There is a tendency for popular culture to neglect the hard questions of life. The unpalatable issues, and the ones that people hate think about, because they're unhappy thoughts.In the 1970's, what seemed like half the black actors in Hollywood starred in this little miniseries called Roots. In the 1980's, Lucille Ball did a movie about homelessness. Television had a social conscience, about life issues that affected too many in our society. And admittedly, racism, homelessness, and all these other things don't seem to have lost much currency in certain circles.
Except in popular culture.
The television landscape, with some exceptions, has become the vast wasteland complained of in the 1950's. "Reality" shows bring you perfectly well-fed people eating snakes and bugs. "Fantasy" shows show you whatever you want to see, particularly on cable.
And above all, there are graphics. Blazing, 3-D graphics, all in hope of catching the Lilliputian attention span of the average eyeball.
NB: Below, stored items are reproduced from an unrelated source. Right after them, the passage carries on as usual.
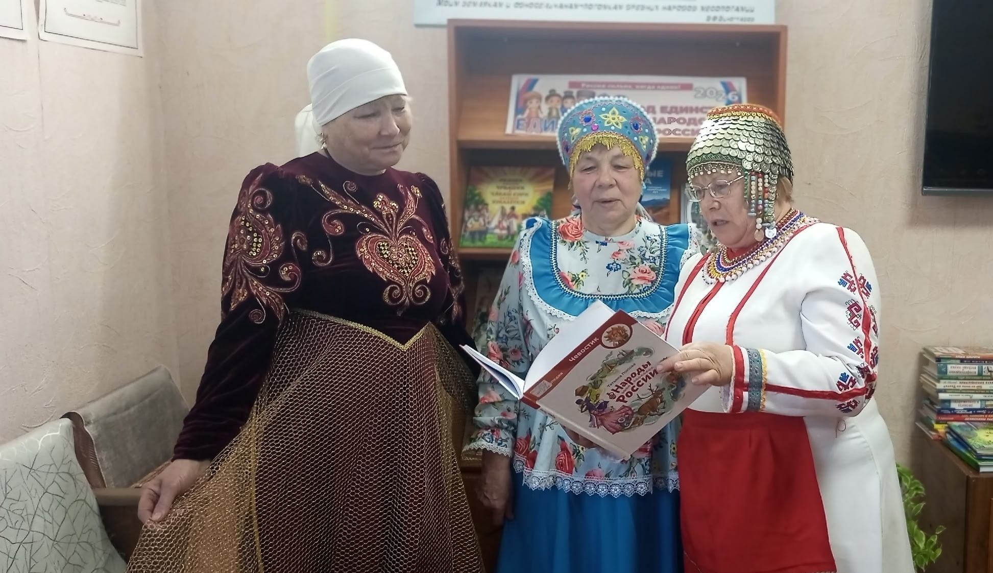 В рамках акции для читателей Шоркинской сельской библиотеки был организован тематический час «Народов много – Родина одна!». Ребята с интересом изучали национальные костюмы русских, татар и чуваш, сравнивали узоры на одежде, узнавали о быте и занятиях жителей разных регионов России.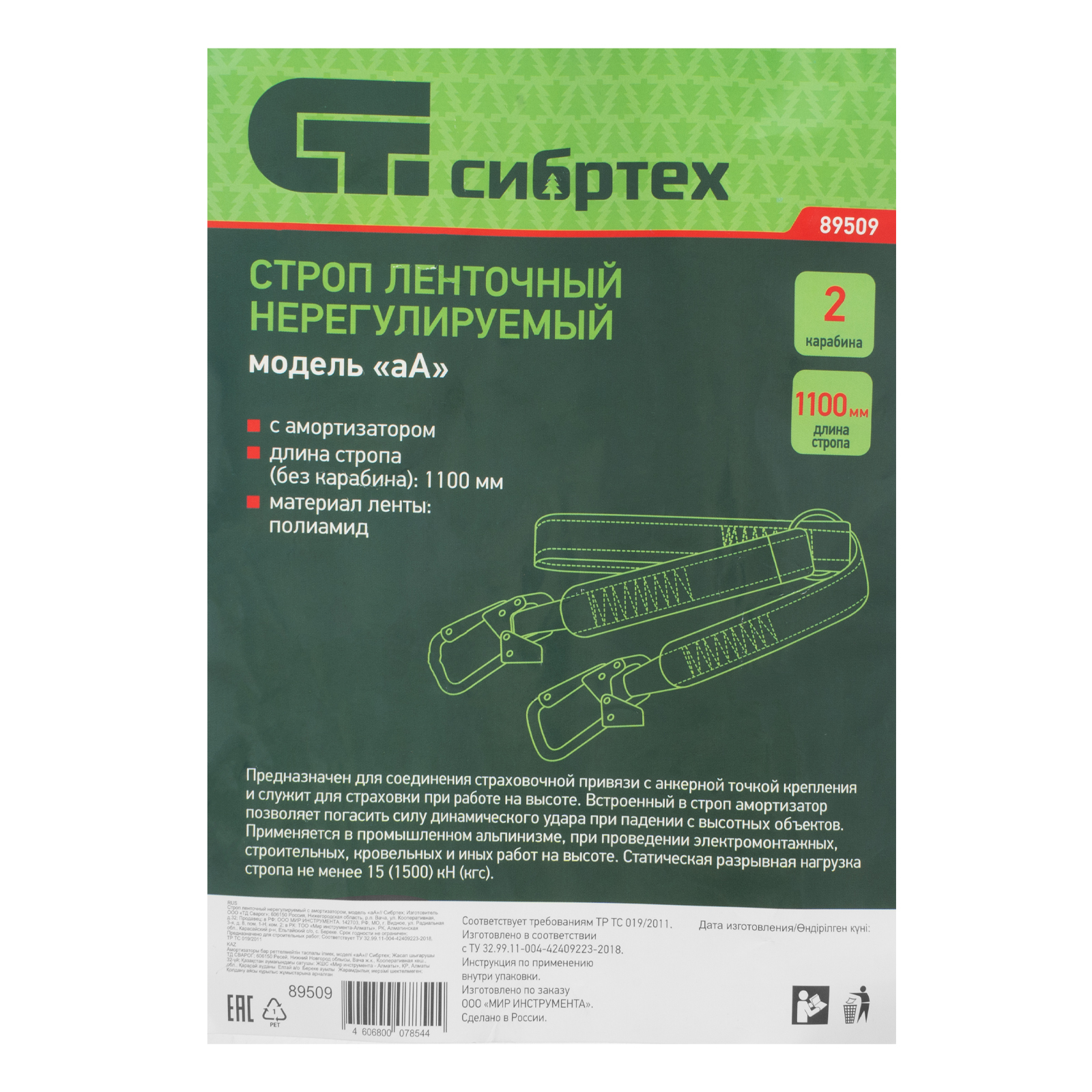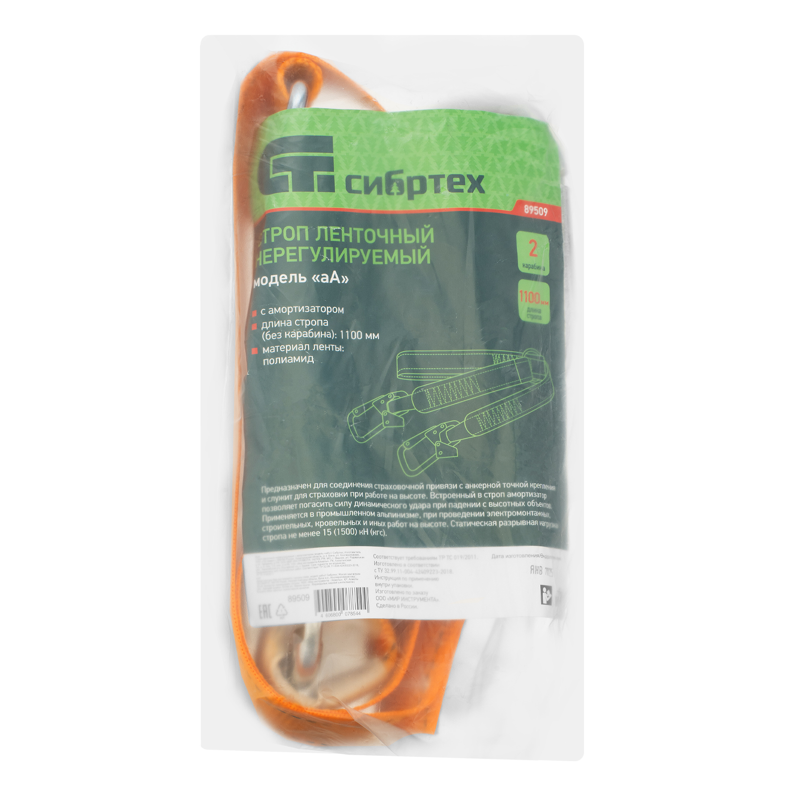 <p>Ленточный нерегулируемый строп Сибртех 89509, модель «аА» с амортизатором, предназначен для соединения удерживающей (страховочной) привязи с анкерной точкой крепления. Применятся в ходе строительных, монтажных кровельных и других операций, когда необходимо обеспечить безопасность работника. Применение без страховочно-удерживающей привязи недопустимо.</p><h2>Преимущества</h2><ul><li>Высокая прочность — строп из полиамидной ленты шириной 45 мм выдерживает статические нагрузки не менее 15 кН (1500 кгс).</li><li>Безопасная работа — два прочных стальных карабина гарантируют надежную фиксацию, встроенный амортизатор гасит силу динамического удара в случае падения пользователя с высоты.</li><li>Подтвержденное качество — лента изготовлена согласно требованиям, предъявляемым к средствам индивидуальной защиты по ТР ТС 019/2011, гарантийный срок составляет 2 года.</li></ul>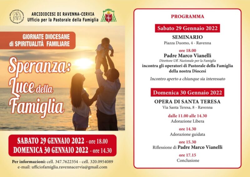 23 Novembre 2021 admindiocesi 29-30 gennaio: Giornate diocesane di spiritualità familiare Sabato 29 e domenica 30 gennaio 2022 incontri per gli operatori di pastorale della famiglia e per chiunque sia interessato. Tutte le informazioni sul volantino FacebookTwitterLinkedinPinterestPrintEmailWhatsapp Volantino

Tennessee Williams and the other greats of television theatrical anthologies wouldn't recognize the place. For eyeballs on screens are all that count.The reality of life is that there are thousands of angels out there, needing our attentions, needing our help, as individual citizens, one to another.
It's easy to blow off the need to give back to our community. It's comforting to know that television shuts out the cold winds of neglect and inability. But it is even more comforting to know that we don't need to ignore what is outside our doors. When your favorite charity asks you to donate, think of the people you can help.
For even angels need help; and who better to help, than each of us?